Если ученик за две недели исправлял «двойку» — милости просим, приходи. Не исправил — не появляйся в бассейне еще две недели. Того, кто и после месяца не улучшал своей успеваемости, Иван Сергеевич навсегда отчислял из школы плавания.
— Не выйдет из тебя ничего путного! — сурово говорил он в таких случаях. — Лентяи всегда идут ко дну!
Максаков ушел, а Иван Сергеевич продолжал проверять отметки. Он начал с левого фланга и теперь приближался к Кочетову, который был самым старшим и самым высоким в группе и стоял правофланговым.

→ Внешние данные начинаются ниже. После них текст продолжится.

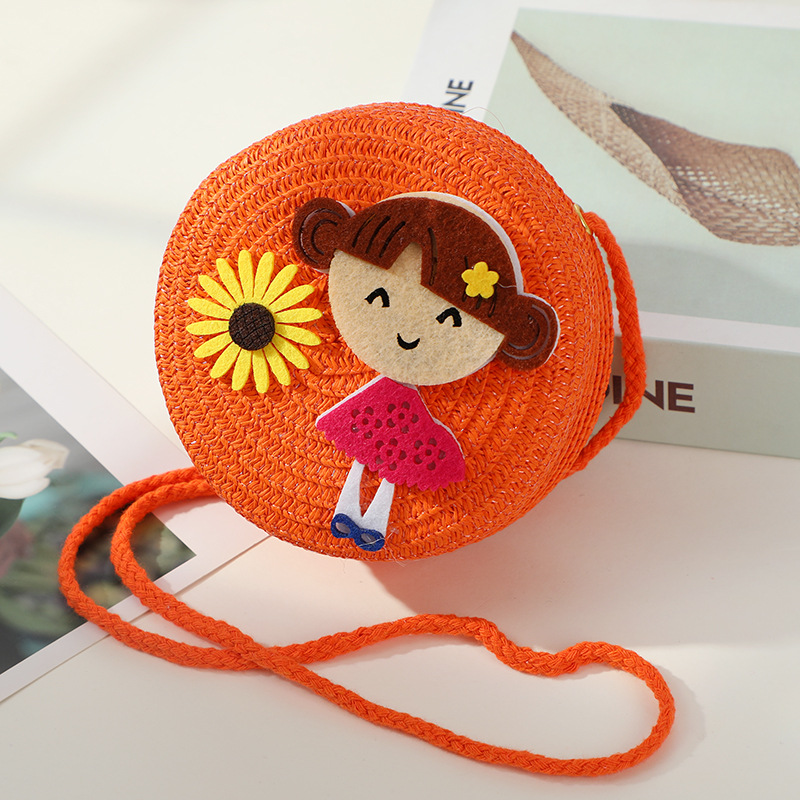 • 오렌지 해바라기 작은 소녀 작은 둥근 가방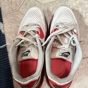 Nike Air Max shoes with a white base and bold red accents. Designed for style and comfort.
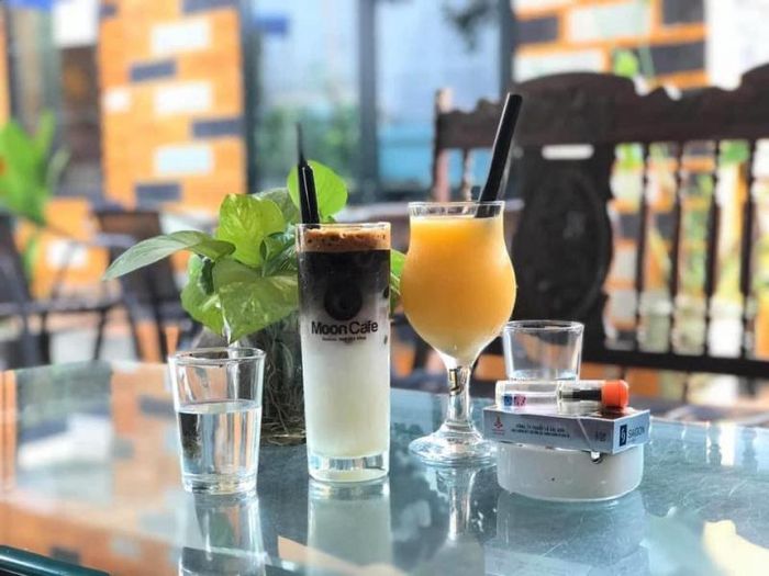Because it's located in an alley, Moon Cafe is very quiet, suitable for you to sit and work, study, or gather with friends, chat without being overwhelmed by the noise of traffic outside. The cafe has both outdoor and indoor spaces. The outdoor space is designed to make you feel like you're lost in an ancient village with old wooden tables and chairs, old bamboo tables and chairs, and bamboo curtains. Young couples looking for a space of their own for a date can choose a table in the partitioned area.

Ребята охотно протягивали тренеру дневники: больше ни у кого «двоек» не оказалось. Леня тоже уверенно подал Ивану Сергеевичу свой дневник. Там было только две «четверки», а остальные — «пятерки». Но Иван Сергеевич почему-то долго и пристально разглядывал его.

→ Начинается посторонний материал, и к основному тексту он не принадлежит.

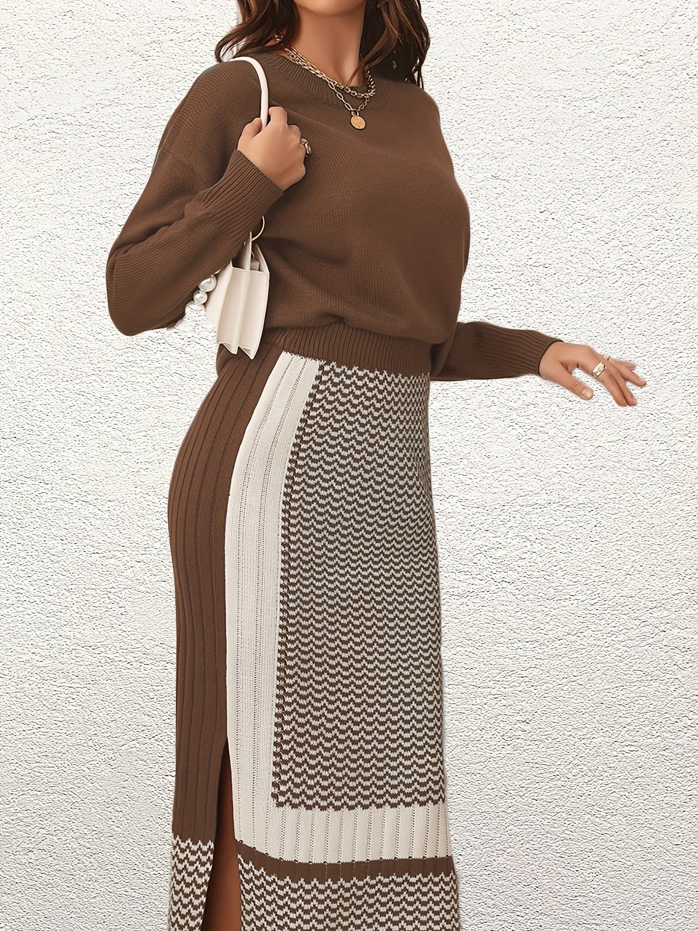 Versatile outfit: The solid long sleeve knit sweater and split high waist skirts can be worn together or separately, giving you multiple outfit options.

«В чем дело?» — встревожился Леня.
Наконец Иван Сергеевич вернул дневник:
— Зайдешь ко мне после занятий!
Плавая, Леня все время старался догадаться, зачем его зовет тренер. Кажется, ни в чем не провинился?!
После занятий Леня поднялся на второй этаж, в кабинет Галузина. Это была большая комната. Стены ее от пола до потолка были покрыты масляной краской. На стене, напротив двери, висел лозунг: «Советские пловцы должны быть лучшими в мире!» Кроме лозунга, простого письменного стола и нескольких стульев, в кабинете ничего не было, поэтому просторная светлая комната казалась еще больше.

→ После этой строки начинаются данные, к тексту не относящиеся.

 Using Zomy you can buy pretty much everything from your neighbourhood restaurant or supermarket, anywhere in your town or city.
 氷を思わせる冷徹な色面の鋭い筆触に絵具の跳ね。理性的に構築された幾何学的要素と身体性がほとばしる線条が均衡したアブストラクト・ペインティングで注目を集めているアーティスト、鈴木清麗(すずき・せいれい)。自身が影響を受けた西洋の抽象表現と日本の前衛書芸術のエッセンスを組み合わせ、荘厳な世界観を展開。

— Надо нам серьезно потолковать, — сказал Иван Сергеевич. Он вышел из-за стола и сел рядом с Кочетовым.
— Скоро кончаешь школу, — задумчиво сказал он. Это хорошо! — И, помолчав, прибавил: — Видишь ли, Леня, думаю я, — лучше тебе на время перестать посещать бассейн. Не кипятитесь, не кипятитесь! — улыбнулся он, видя, что Кочетов собирается возражать. — Знаю — ты отличник. Но сейчас, дорогой мой, у тебя очень ответственная пора. Поверь мне, — Галузин положил ладонь на Ленину руку. — Я уже был таким, как ты, а ты еще не был в моем возрасте. Значит, мне виднее. Правда, сам я в молодости не учился, а воевал…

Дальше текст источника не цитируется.